(Stored entries)
===============
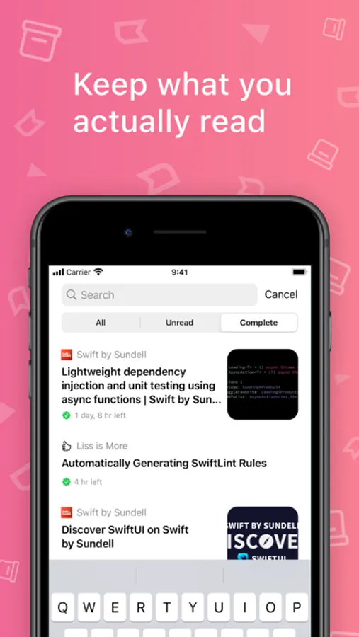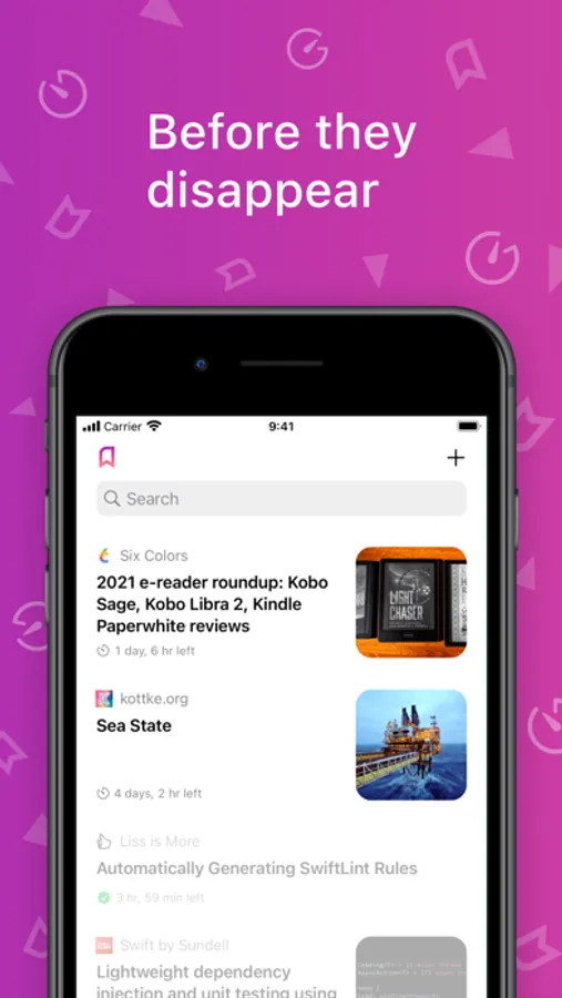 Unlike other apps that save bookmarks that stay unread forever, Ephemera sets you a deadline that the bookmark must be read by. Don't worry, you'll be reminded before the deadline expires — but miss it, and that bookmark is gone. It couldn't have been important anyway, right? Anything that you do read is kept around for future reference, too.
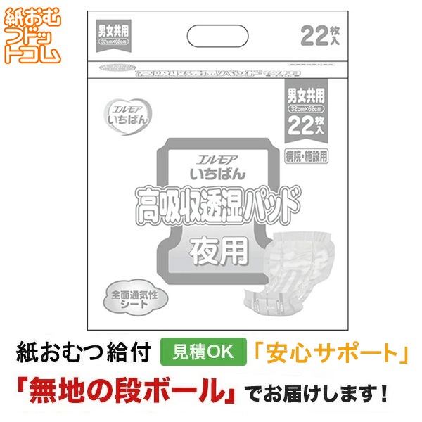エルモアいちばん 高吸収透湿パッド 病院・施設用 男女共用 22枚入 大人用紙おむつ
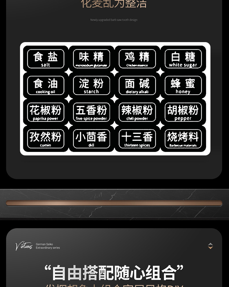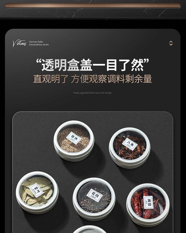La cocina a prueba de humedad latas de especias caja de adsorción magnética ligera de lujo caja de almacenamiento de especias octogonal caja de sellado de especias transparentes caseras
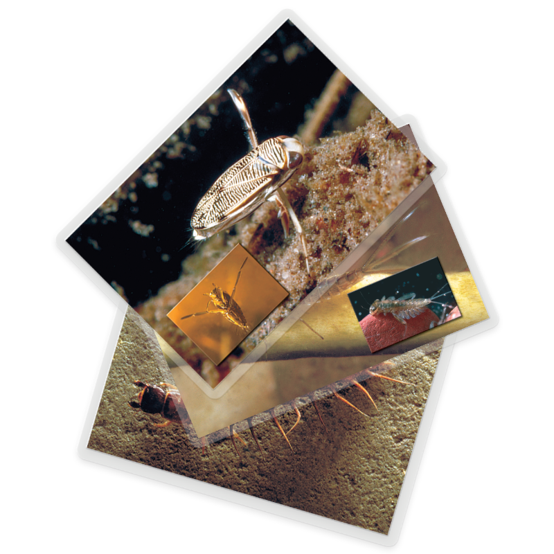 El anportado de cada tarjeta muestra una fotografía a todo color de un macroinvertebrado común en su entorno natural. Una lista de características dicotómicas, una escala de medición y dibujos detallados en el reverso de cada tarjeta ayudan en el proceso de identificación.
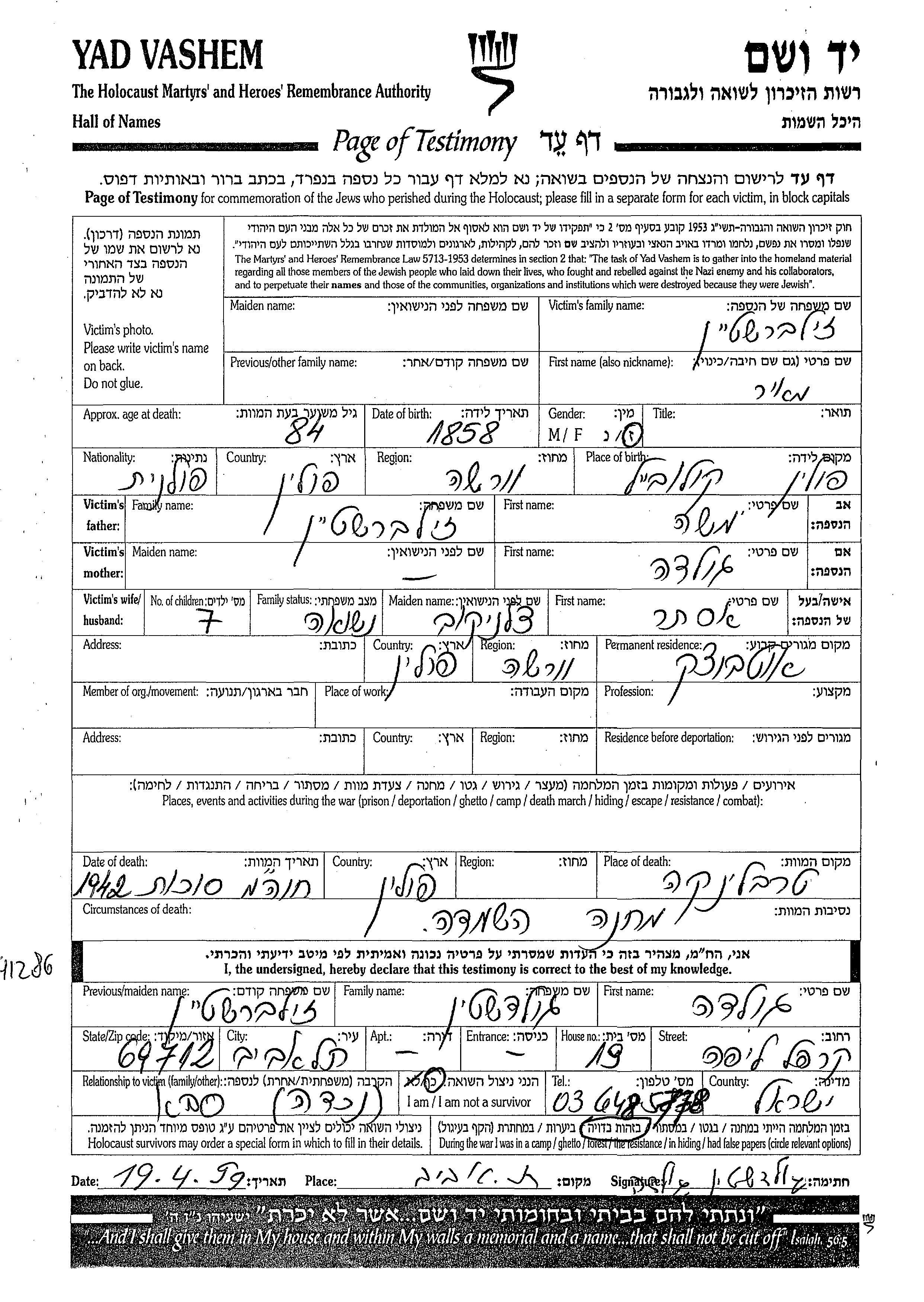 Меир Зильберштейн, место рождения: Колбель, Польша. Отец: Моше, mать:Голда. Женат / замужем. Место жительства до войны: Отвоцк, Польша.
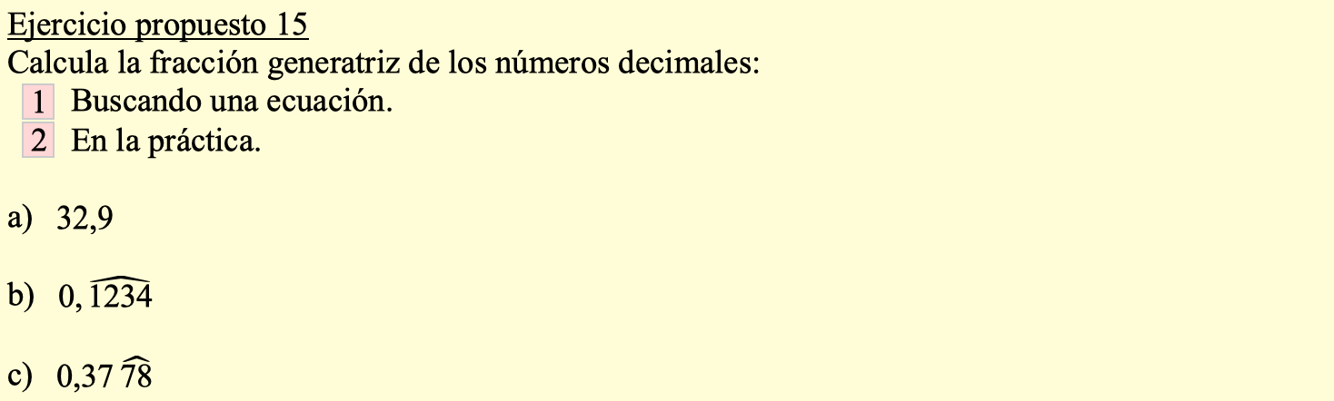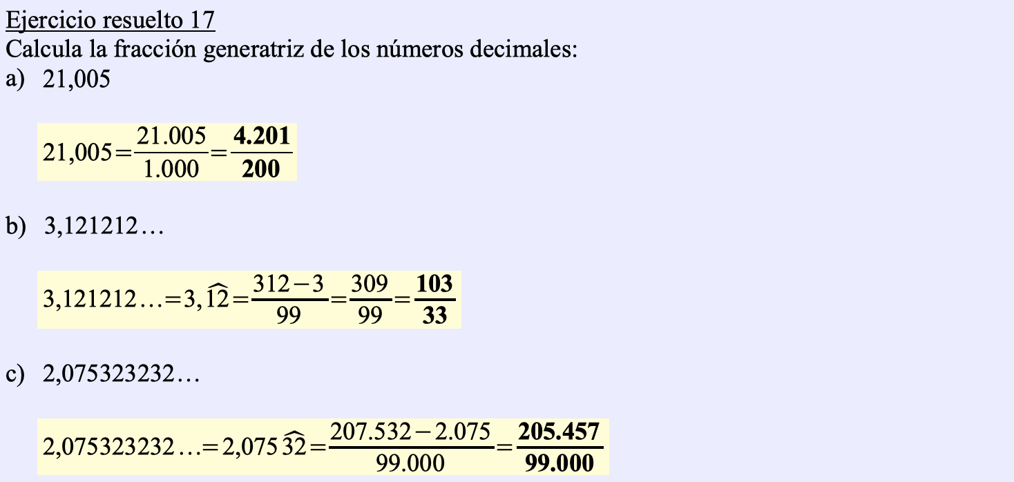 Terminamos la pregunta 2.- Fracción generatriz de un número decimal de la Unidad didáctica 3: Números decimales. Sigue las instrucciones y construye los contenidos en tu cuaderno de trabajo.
===============
• Your goal: The final stretch of the data, from the line with "El anportado de" through its last line, is to be retyped exactly; pictures are not part of the copy.

• Result of this exercise:
 El anportado de cada tarjeta muestra una fotografía a todo color de un macroinvertebrado común en su entorno natural. Una lista de características dicotómicas, una escala de medición y dibujos detallados en el reverso de cada tarjeta ayudan en el proceso de identificación.
 Меир Зильберштейн, место рождения: Колбель, Польша. Отец: Моше, mать:Голда. Женат / замужем. Место жительства до войны: Отвоцк, Польша.
 Terminamos la pregunta 2.- Fracción generatriz de un número decimal de la Unidad didáctica 3: Números decimales. Sigue las instrucciones y construye los contenidos en tu cuaderno de trabajo.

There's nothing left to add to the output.